The legality or otherwise of the commercialization of motorcycle commuters is not new in the country, especially in Accra.

It started on a small scale with occasional police raids in a bid to stop the business. The efforts yielded no fruits. Not even a law outlawing the business could stop the riders from commercializing their occupation as law enforcement officers lost the steam to carry on with the charge.

Today it is a full-fledged business, a source of livelihood for many who, but for it, would have nothing to do as a breadwinning venture.

Now fully entrenched as a feature of the Accra skyline, we wonder just how the law barring it can be applied with effect.

Be it as it may, a superior police officer incharge of the Greater Accra unit of the Ghana Police Service Motor Transport and Traffic Department (MTTD), Chief Superintendent Anderson Fosu-Ackaah, has rejuvenated the subject once more.

He has only reminded us about the law which for now remains latent. Although he has advised commercial motorcycle operators or okadas to be mindful about the law, we can bet he lacks the capacity to enforce it.

When his boss, DCOP Angwubutoge Awuni, tried it he eventually abandoned the project because the cooperation he needed to undertake such a Herculean task was lacking.

The Okada issue is a reminder about how some laws remain in the statute books with the power to enforce them out of the reach of the ordinary law enforcement officer.

Many interest groups make it impossible for such laws to be implemented – one of the many shortcomings affecting the attainment of good governance status in our part of the world.

Why should a piece of law be kept under wraps simply because it is in the interest of somebody or a group for it to be so?

We are recalling for the umpteenth time the irresponsible conduct of the Greater Accra Regional Minister, Afotey Agbo, when in the heat of the last political season he encouraged the okada operators to carry on with their business – a subtle way to get the votes of that constituency.

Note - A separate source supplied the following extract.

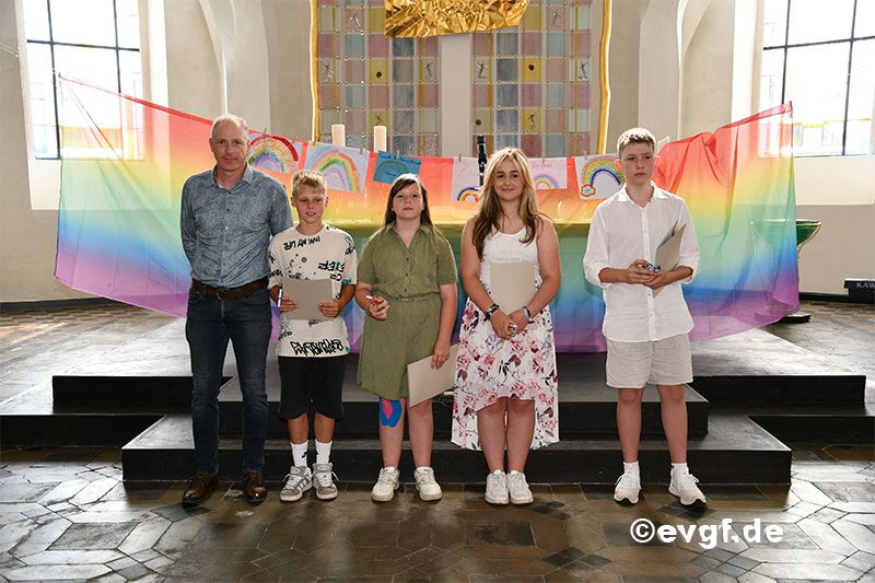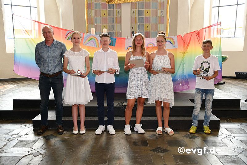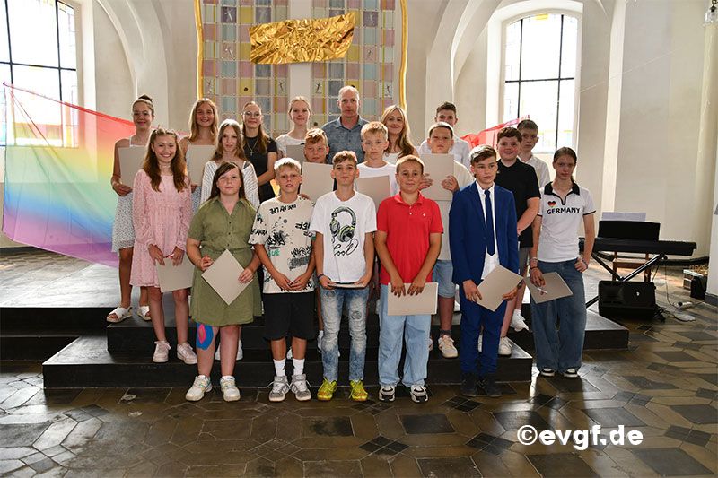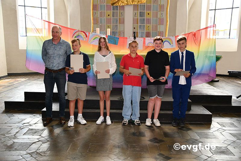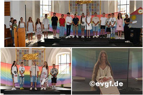 DSC 8436 1Sehr bewegend war der Abschlussgottesdienst der Klasse 6 am letzten Schultag. In einer gut gefüllten Kirche erzählten die Sechstklässler in ihren „News“ von ihrer Zeit an unserer Schule. Themen wie Klassenfahrten, Unterrichtsstörungen, sportliche Erfolge oder unangenehme Momente im Schulleben wurden sehr spritzig aufgezeigt.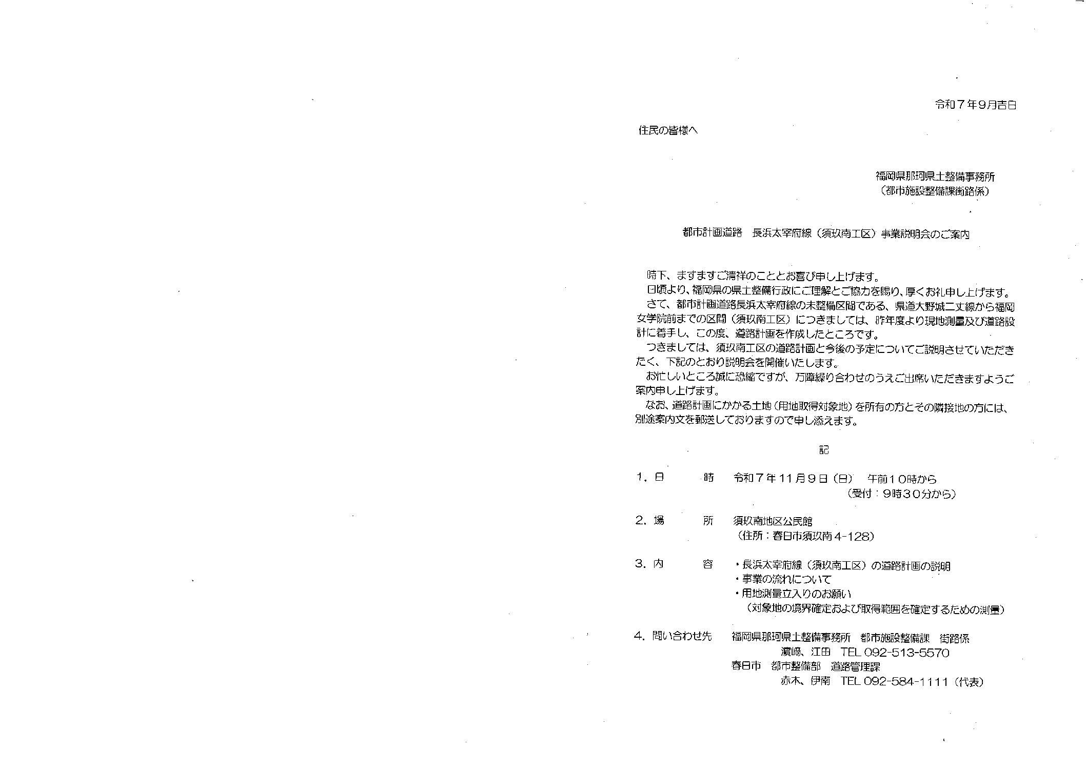 長浜太宰府線事業説明会について 2025年10月29日 11月9日(日)10:00から(受付9:30から) 都市計画道路 長浜太宰府線(須玖南工区)の事業説明会が行われます。 道路計画の説明や事業の流れについて説明がありますので、 ご興味のある方は、須玖南公民館までお越しください。 DOC251029-20251029095602

This was in total breach of the law, the passage of which he was a part.

Unfortunately, we are in a part of the world where such moral infringements cannot deprive those who commit them their jobs and so the minister maintained his position without a bruise. We wonder whether he even received a verbal query from his superiors.

That is one of the many factors why progress remains elusive in the country's undertakings.

Perhaps the motor traffic chief has some ideas about how he intends to tackle the okada lawlessness which for now stands as a clear example of an open breach of the law under our noses – all of us.